Abu Dhabi real estate developer and asset manager Aldar Properties has closed a 9 billion UAE dirhams ($2.4 billion) sustainability-linked syndicated multi-tranche revolving credit facility (RCF).

The five-year floating-rate senior unsecured committed RCF comes days after Aldar’s inaugural AED 3.67 billion hybrid notes issuance.

Aldar said the syndication attracted “strong demand” from 15 global and regional financial institutions. Participating banks include Abu Dhabi Commercial Bank, Ajman Bank, Bank of China, Citi, Dubai Islamic Bank, Emirates Islamic Bank, Emirates NBD Bank, First Abu Dhabi Bank, HSBC, Intesa Sanpaolo, J.P. Morgan, Mashreq, National Bank of Kuwait, National Bank of Ras Al Khaimah, and Sharjah Islamic Bank.

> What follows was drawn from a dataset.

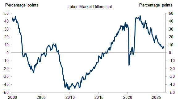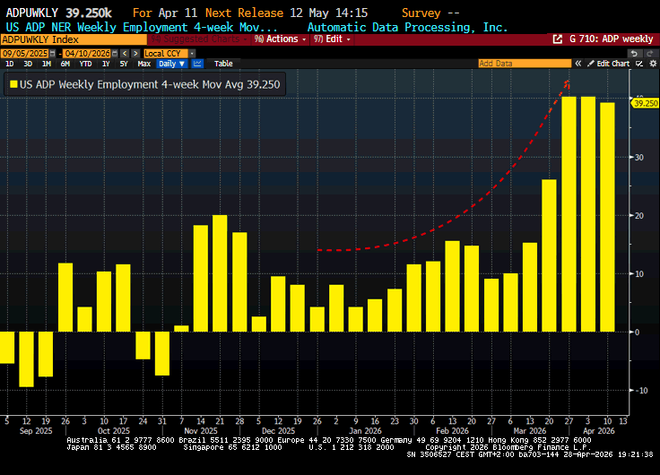 Detto questo, un grafico di questa giovane serie mostra chiaramente un bel miglioramento nei primi mesi del 2026 rispetto ai 10.000 nuovi occupati osservati l’anno scorso, con rilevazioni a tratti negative. Vedremo venerdì 8 maggio il labour market report di Aprile se riporterà interamente questa crescita.

The facility incorporates both conventional and Islamic tranches across AED and USD currencies and is both committed and revolving, linked to a floating rate to capitalise on conducive market conditions.

With the RCF, Aldar said its liquidity position has reached AED 27 billion.

In January 2025, Moody’s reaffirmed Aldar’s Baa2 credit rating with a stable outlook.